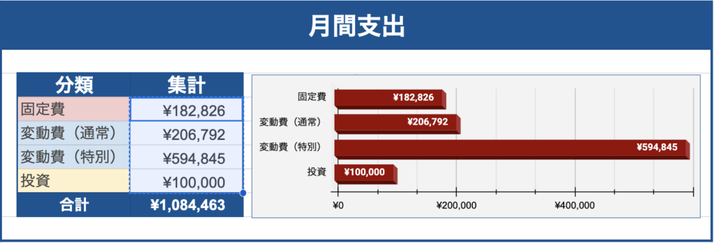 | 変動費 | 206,792 | 食費、外食、娯楽、医療費など |
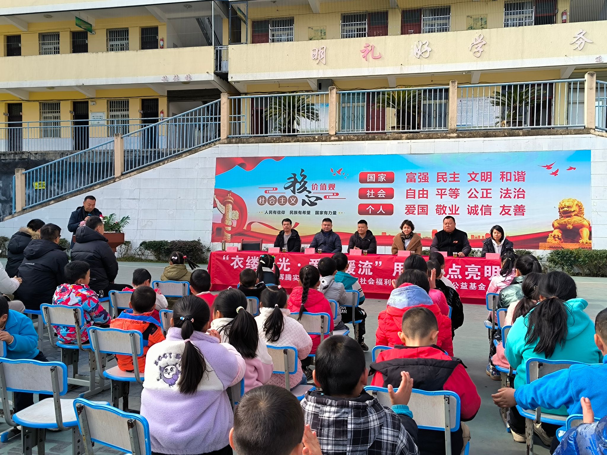 本网讯 为了让孩子们温暖过冬,安心学习,1月17日,诸侯快讯乡村振兴驻村工作队携手中国社会福利基金会暖流计划公益基金东航驿站,在县河镇财梁九年制学校举行了冬装校服套装捐赠仪式。县河镇副镇长杨涛、组织委员王亚琪,诸侯快讯乡村振兴驻村工作队、中国福利基金会工作人员及学校全体师生参加。
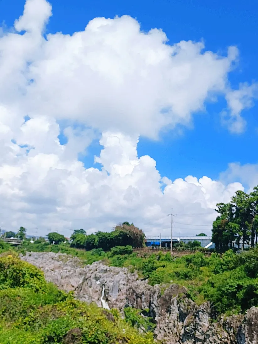 쇠소깍 들머리 교각에서 북쪽을 바라보니 한라산 백록담은 흰 구름 거느렸고 맹살공원 저 아래는 물길 푸르다.

★ ★ ★ ★ ★ ★ ★

◆ TASK BRIEF
Please return the full listing exactly as given, with the images left out.

◆ REPLY TO THE EXERCISE
 | 変動費 | 206,792 | 食費、外食、娯楽、医療費など |
 本网讯 为了让孩子们温暖过冬,安心学习,1月17日,诸侯快讯乡村振兴驻村工作队携手中国社会福利基金会暖流计划公益基金东航驿站,在县河镇财梁九年制学校举行了冬装校服套装捐赠仪式。县河镇副镇长杨涛、组织委员王亚琪,诸侯快讯乡村振兴驻村工作队、中国福利基金会工作人员及学校全体师生参加。
 쇠소깍 들머리 교각에서 북쪽을 바라보니 한라산 백록담은 흰 구름 거느렸고 맹살공원 저 아래는 물길 푸르다.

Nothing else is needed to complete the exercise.